After leaving the museum the drive to Mai Chau was a fascinating mixture of total chaos and then beauty. The road westwards was truly mad. At one point I looked out of the front windscreen to see a seething sea of cycles filling the road as motos manoeuvred around them frantically. Buses, lorries and small vans then headed towards anything that moved, Sometimes this involved bikes or motos driving on the wrong side of the road, in the gutter and oblivious to its dangers. Horns were honked often and loudly to tell others we were passing. One man, who had responded to one honk by accelerating forward, then slower down, took his mobile out of his pocket and began a call while we sat 10 feet behind him! The road is too narrow and drivers want to get on but no one seems to have realised that the traffic needs to be managed as far as one can tell.

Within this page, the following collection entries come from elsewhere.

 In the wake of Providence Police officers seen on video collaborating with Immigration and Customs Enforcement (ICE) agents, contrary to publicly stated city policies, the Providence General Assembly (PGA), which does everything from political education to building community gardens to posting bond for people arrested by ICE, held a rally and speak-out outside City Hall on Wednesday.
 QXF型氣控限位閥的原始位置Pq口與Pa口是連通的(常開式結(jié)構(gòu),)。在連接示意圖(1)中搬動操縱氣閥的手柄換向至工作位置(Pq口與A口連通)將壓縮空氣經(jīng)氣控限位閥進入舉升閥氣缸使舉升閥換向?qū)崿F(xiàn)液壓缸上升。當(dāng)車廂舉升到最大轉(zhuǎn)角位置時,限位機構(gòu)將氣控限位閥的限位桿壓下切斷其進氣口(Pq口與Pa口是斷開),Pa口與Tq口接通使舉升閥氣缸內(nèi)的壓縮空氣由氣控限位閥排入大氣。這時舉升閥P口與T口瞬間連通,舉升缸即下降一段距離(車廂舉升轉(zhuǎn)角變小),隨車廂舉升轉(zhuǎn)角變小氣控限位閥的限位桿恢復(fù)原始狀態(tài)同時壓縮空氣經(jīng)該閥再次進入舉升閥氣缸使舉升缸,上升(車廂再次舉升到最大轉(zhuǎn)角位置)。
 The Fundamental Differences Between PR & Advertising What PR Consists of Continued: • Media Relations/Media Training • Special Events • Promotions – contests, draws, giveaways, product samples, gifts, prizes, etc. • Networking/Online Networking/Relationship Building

Then it all changed as we headed into the hills. The climb into the mountains on a road leading to Laos was quite spectacular with fantastic views of the valleys and nearby hills, The climb as slow and long but we did see two cyclists creeping determinably up one very long steep climb as we stood looking over the edge at the farmlands below. The road has been hacked out of the side of hills and hangs precariously on the edge of am step drop. Just as we were beginning the climb I saw from the window an odd site. Why had the rough fields seemingly changed into an area of cultivation and manicured lawns. I looked again. We were no where near a town, so it could not possibly be a ...but indeed it was. A huge golf course wending its way around the valley. Later I found out it had 54 holes and a huge clubhouse all aimed to attract the local golfer. No! Aimed at the wealthy tourist who will be driven out of Hanoi and spend a day spending the sort of money ordinary people can only dream about. Somehow I am, not comfortable with this.

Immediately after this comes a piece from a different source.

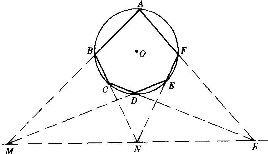 | 释义 | 帕斯卡定理 帕斯卡定理pasika dingli圆内接六边形三组对边的交点共线.如图,圆内接六边形ABCDEF的对边AB,DE交于M,BC,EF交于N,CD,FA交于K,则M,N,K三点共线.
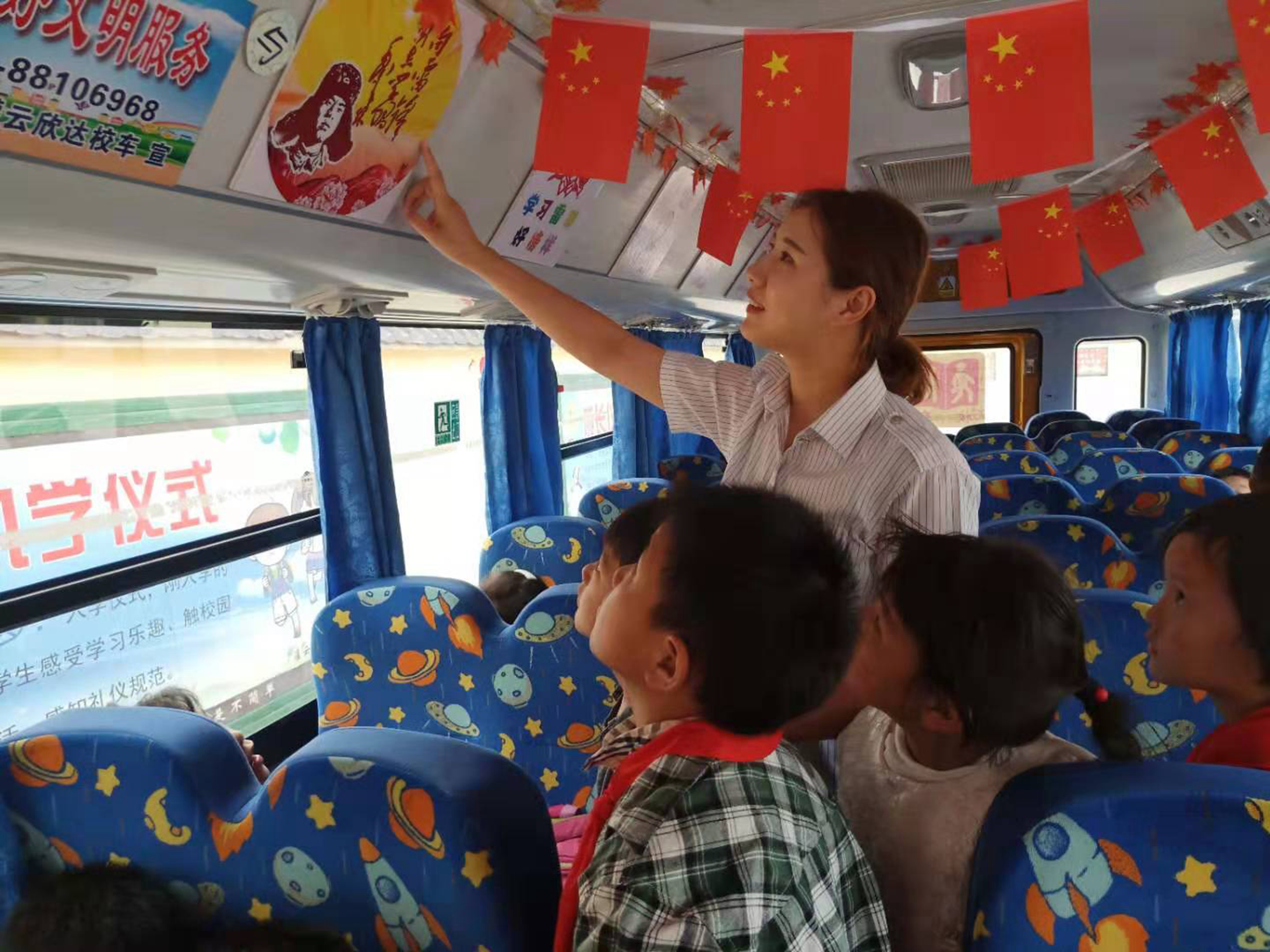 校車主題文化車廂的創(chuàng)建,充分體現(xiàn)了灌云欣達(dá)校車“民生工程”的定位,既是增強(qiáng)校車駕駛員、照管員與乘車學(xué)生之間“友誼”的粘合劑,也凸顯了灌云欣達(dá)校車“用百分之百的愛心承運(yùn)著祖國(guó)的未來”的宗旨,在真正意義上踐行了“我們用心、孩子開心、學(xué)校安心、家長(zhǎng)放心”的服務(wù)理念。

It was soon after this that we descended towards Mai Chau where we were to stay. Away from urban Ha Noi we are into rural communities and ethnic minorities, in this case the Thai and Moeng people. The village specialises in homestays so in that sense is somewhat artificial but I guess we got a flavour of their lives.

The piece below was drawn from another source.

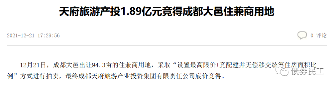 2021年12月21日,成都文化旅游發(fā)展集團有限責任公司的子公司成都天府旅游產(chǎn)業(yè)投資集團有限責任公司以1.89億元的價格摘得成都大邑縣總出讓面積為94.3畝的土地,土地性質(zhì)為住兼商用地。
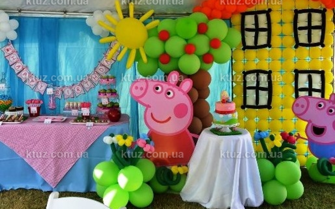 Декорировать помещение можно разноцветными шарами, растяжками из флажков, большими рисунками с животными, занавесками нежных пастельных тонов. Прекрасным украшением праздничного интерьера станет хижина свинок, паровозик дедушки Свина, мультяшные деревья и другой антураж. В обязательном порядке в помещении оборудуется фотозона: здесь расставляют картонные фигурки героев мультфильма в полный рост с вырезанными лицами, уголок драпируется полотном кремового или фисташкового цвета, украшается шариками и цветами.

To get to the village the bus had to negotiate a real obstacle course along a narrow road. Local people were harvesting rice and there were piles of straw, rice bundles, carts and other materials strewn about so we could not pass easily. A small thresher was working as well, firing straw into a ditch and the workers looked at us as thought we were from outer space! Finally we abandoned the coach and walked to the village.
We were greeted by the great grandfather who offered tea. He admitted to being 85, having children and grand children and great grand children but didn't know how many! And for the night we were all to sleep on the floor in the great house with the rest of his family. Great fun and not a lot of sleep; dogs barking, c*** crowing and, of yes, the floor was hard! And we paid good money for this!!